The lawsuit is one in a recent series and stems from a move IAC made two months ago, when it proposed splitting itself into five separate, publicly traded companies: Ticketmaster; Lending Tree; home-shopping business HSN; time-share travel business Interval International; and a heavily ad-supported IAC that would be anchored by Ask.com.
The way Mr. Diller structured the split, Liberty would lose its high-vote stock in the transaction, dramatically reducing its influence over the companies. Liberty is calling the move "a corporate coup."
Who's in control
Liberty Media already owns a controlling stake in IAC, but Mr. Diller has held voting rights for the Liberty-owned shares, thanks to a governance agreement between himself and Liberty.
IAC asked a Delaware court last Wednesday to confirm that the spinoff could in fact take place. The following day, Liberty sued IAC to derail the plan.
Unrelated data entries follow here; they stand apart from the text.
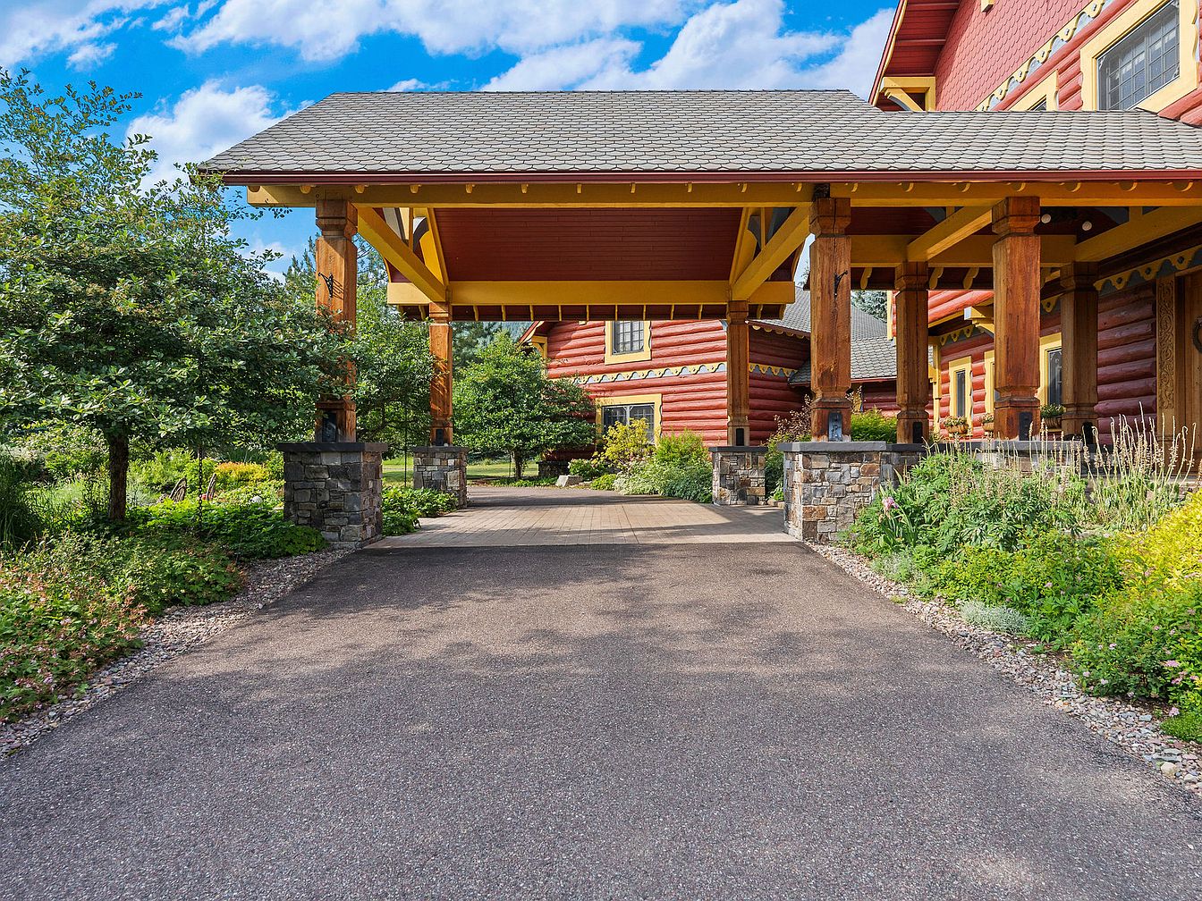 A grand covered entryway welcomes guests with a blend of rustic charm and elegance. The bold timber columns paired with stone bases create a sturdy, inviting passage while the red log exterior and yellow trim evoke classic American lodge style. Lush, landscaped gardens frame the wide driveway, offering both beauty and privacy. The ample covered space accommodates family gatherings, provides shelter from weather, and offers a convenient, kid-friendly drop-off zone. Large windows let in plenty of natural light, and the overall design emphasizes warmth, durability, and a welcoming atmosphere suited for active family living and social events.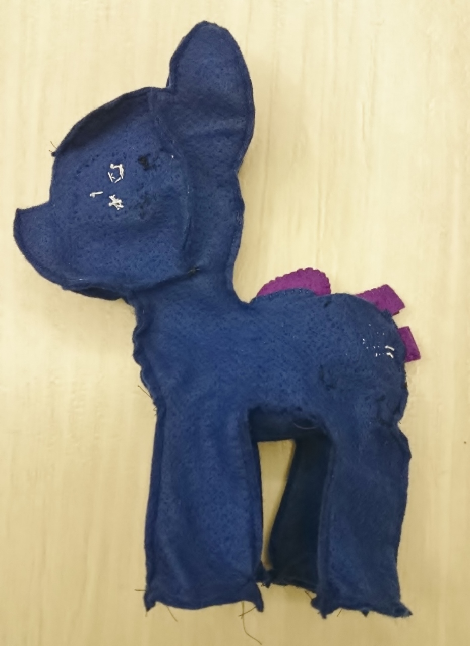 Prega-se com pontos invisíveis o chifre, a crina e os demais adereços.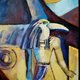 这幅画是用涂有丙烯酸底漆的帆布制成的。 用油画的。
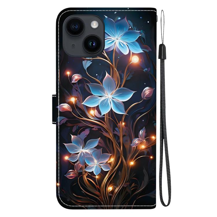 Funda de Cuero iPhone 15 Dibujo de Colores Textura de Cristal (Flor de Linterna Pequeña)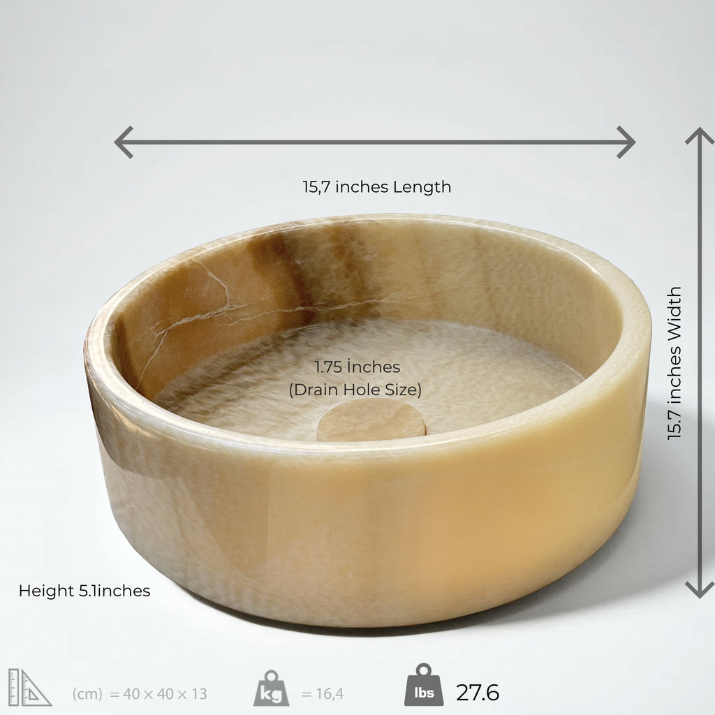 Elevate your bathroom to a new level of sophistication with the Honey Onyx Marble Vessel Sink. Handcrafted from 100% natural honey onyx, each sink showcases the stone’s warm golden hues and intricate veining, making every piece truly one-of-a-kind. The polished, translucent surface creates a soft glow under light, adding an elegant ambiance that complements both modern and classic bathroom styles.
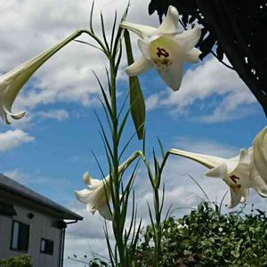 ✨テッポウユリ?✨ 軒下まで伸びたので、見上げて撮影しました😅 太陽に向かって咲いています😊💕
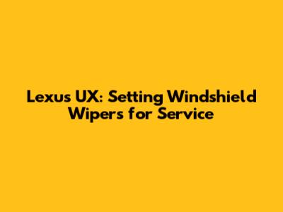 Lexus UX: Setting Windshield Wipers For Service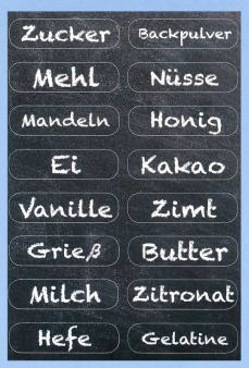 Sticker Etiketten Zutaten/ 3 Bogen 7,8x12,50 - αυτοκόλλητα με υλικά μαγειρικής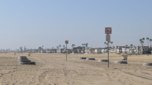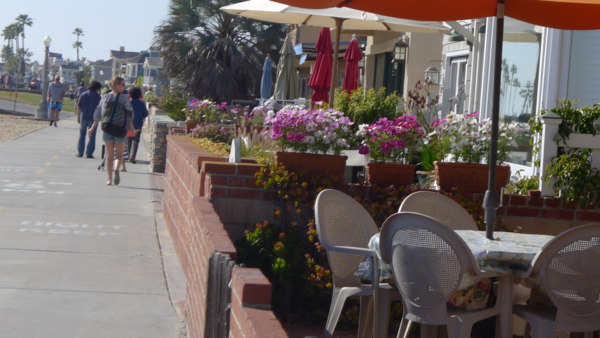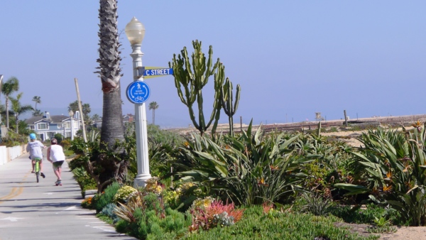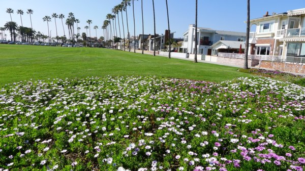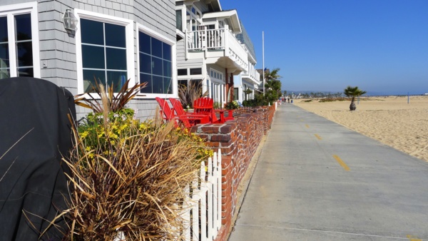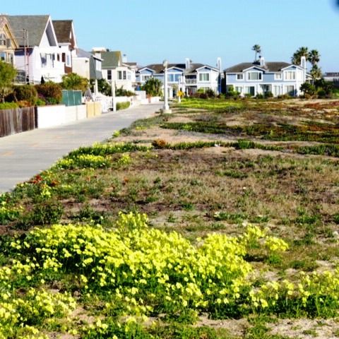 由於加卅公共碼頭海釣是免费的,不必申請執照,所以特別受釣客喜愛,但Balboa碼頭並非魚群集聚海域,所以大多是休閒式的釣客,也可見女性釣客穿插其中。 從Newport Beach 碼頭開始南行的海灘單車道,除了Balboa 碼頭附近的商業區外,整條路左貼住家、右貼沙灘一直到底,這條車道當地人稱為Newport-Balboa Boardwalk。對這裡的住戶而言,這一大片沙灘等於是自家後院,跨出陽台就是一片蔚藍海岸,得天獨厚的觀海條件,房價非比尋常,房子也蓋得各有特色,左看這些漂亮的房子,右看大片藍天大海,雖只是單騎,但所享受的美景,跟這些住戶是一樣充實的。特別的是沙灘種了不少花跟綠色景觀植物,面陽又正值初春,黃紅紫帶油綠的花圃散佈沙土上,有些地方黃色小野花遍佈,使原來單調的沙景,一下子活潑了起來。

In the latest suit, filed Jan. 28 and first reported by The Wall Street Journal, Liberty alleges that Mr. Diller has long resented Liberty designees on his board and that at about the time Liberty became concerned about IAC's floundering stock price and executive compensation, Mr. Diller's priorities shifted to his succession legacy and monetizing his interest in IAC without giving up his control. IAC's stock price, which flirted with $40 a year ago, is around $25.
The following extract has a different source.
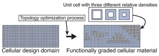 The second concurrent methodology consists in modifying the relative density of the cellular design domain based on a Topology Optimization process, obtaining the so-called functionally graded Cellular Materials. Modification of the unit-cell relative density can be made by altering cell parameters [176] or by using different unit-cell topologies [177]. This methodology is termed as Topology Optimization of Functionally-graded Cellular Materials (TOFCM), and it is graphically explained in Figure 11. Other, examples of relevant works using TOFCM approach can be found in [178,179,180,181,182].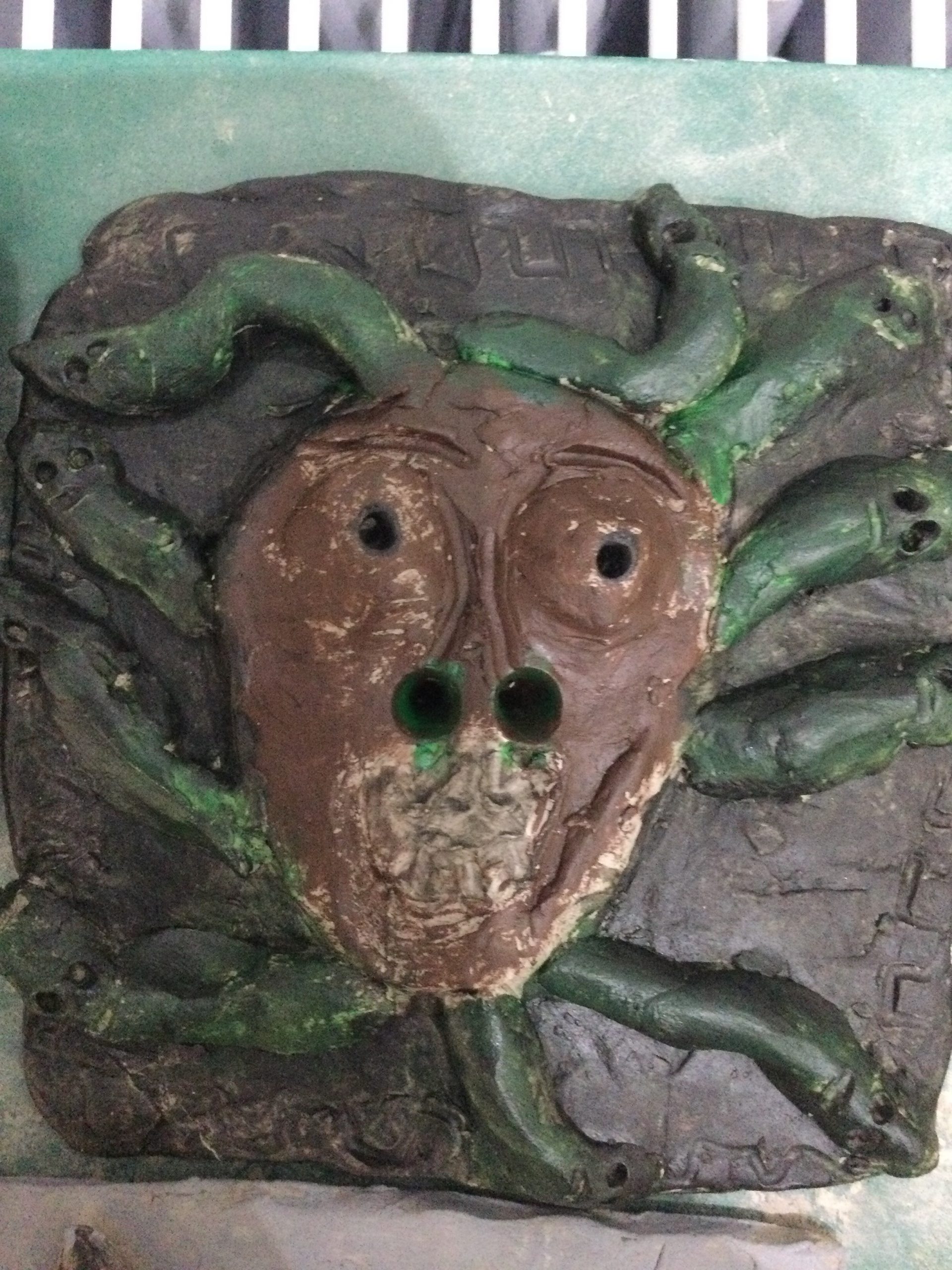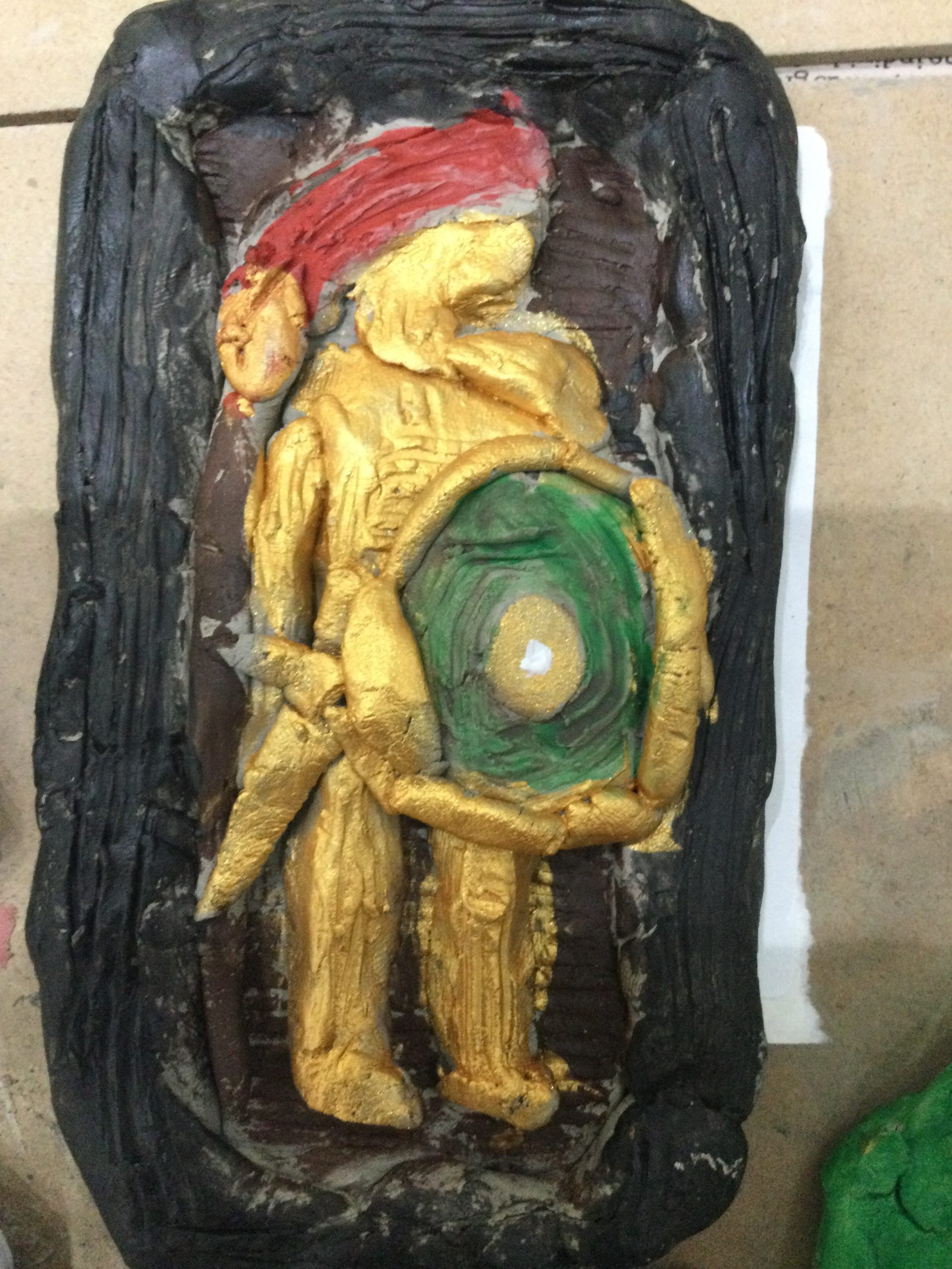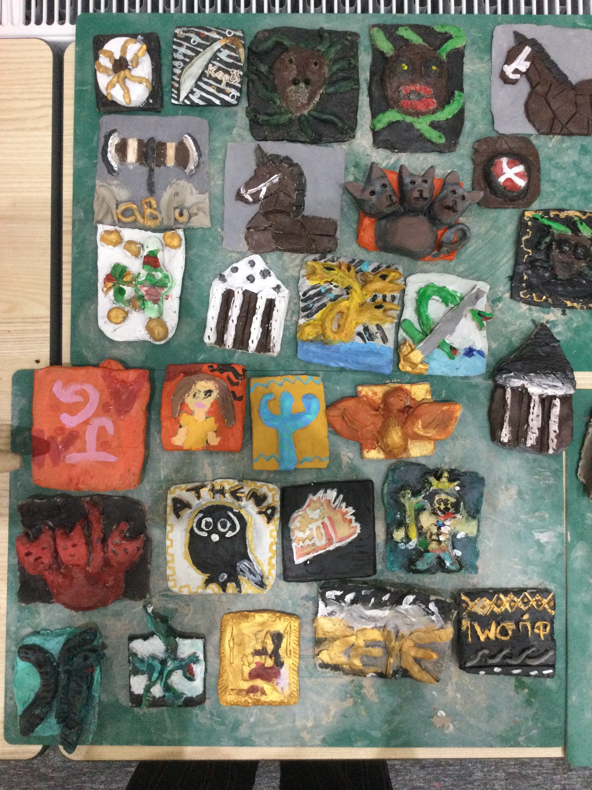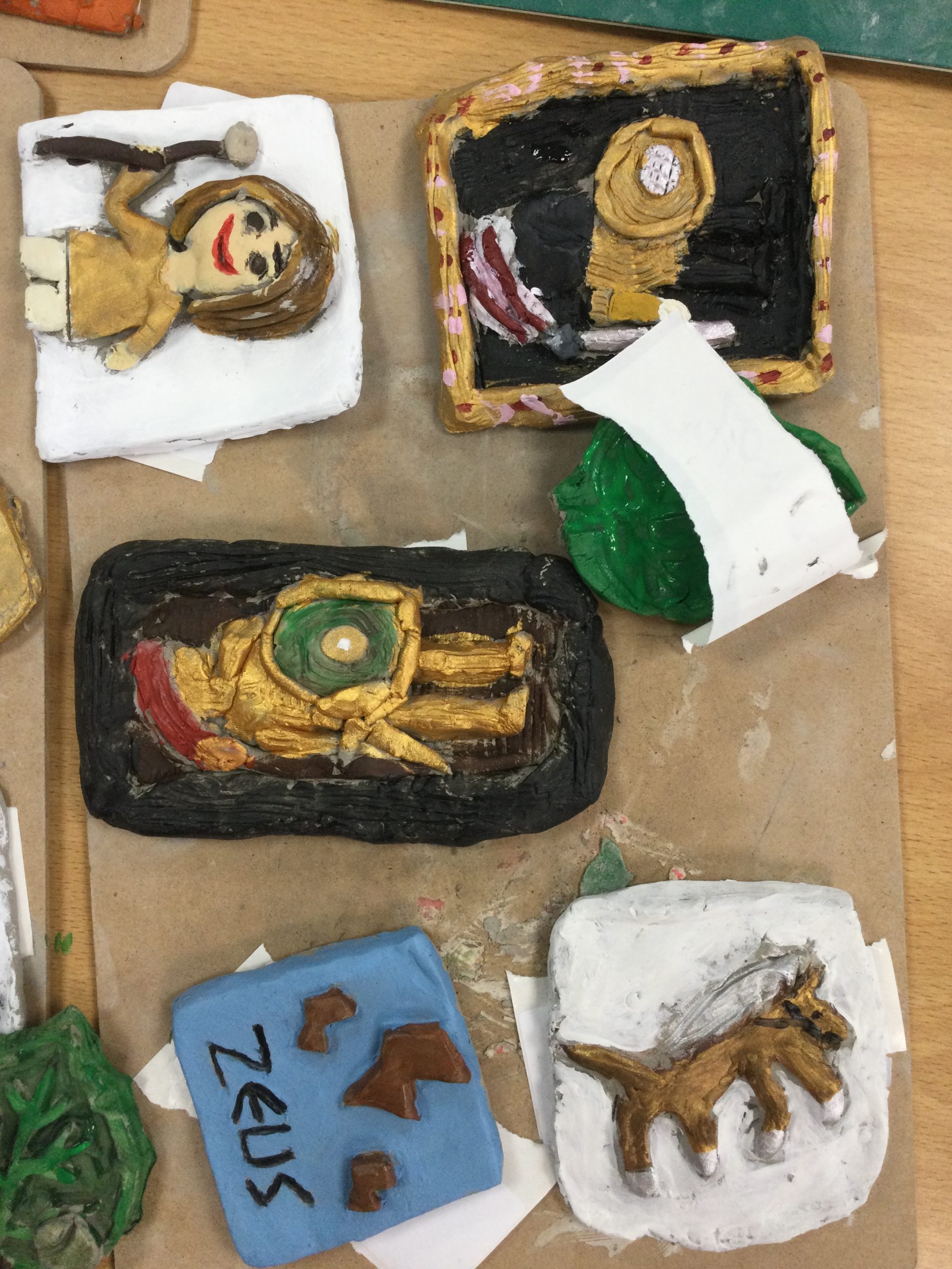 After designing our tiles, we made them out of clay and added the finishing touches of paint/colour today. Can you recognise some famous characters? Odysseus? Athena? Hera? Cerebus? Zeus? Medusa?

IAC general counsel Greg Blatt fired back in a statement: "Upon reading this latest complaint, it seems Liberty has gotten truly desperate. The only action IAC has taken is to proactively go to the Delaware courts to ask it to confirm IAC's rights, and how that could be a breach of anything is beyond comprehension."
A statement on the lawsuit issued by an IAC spokeswoman said: "Last night Liberty Media took the extraordinary action of attempting to claim control of the voting power of IAC and replacing a majority of its directors. The action is preposterous. Liberty does not control IAC. Barry Diller continues to be the chairman-CEO of IAC; the board of directors of IAC elected at last summer's stockholders meeting continues to manage the affairs of the company; and IAC management continues to work in the best interest of its stockholders toward consummation of the previously announced transactions in which it will separate into five public companies."
Following a description of the chain of events leading to the action, the statement says: "Liberty has now gone off the deep end, not only alleging that Mr. Diller has somehow materially breached his proxy by which he has voted Liberty's IAC shares for over 12 years but also purporting to unilaterally throw out the incumbent directors and installing its own slate.
"Regardless of whether IAC and Mr. Diller are correct about their rights to effect a single-class voting structure in the spinoffs, which they are confident they are, the contention that Liberty is now in control of the company is inexplicable. Nothing has happened yet. No board has decided anything. No shareholders have voted (or been asked to vote) on anything. No agreements have been signed. The requisite filings have not been made with the SEC. No transactions have been consummated. Even after reading the various complaints repeatedly, Liberty's theory that it now controls IAC is incomprehensible."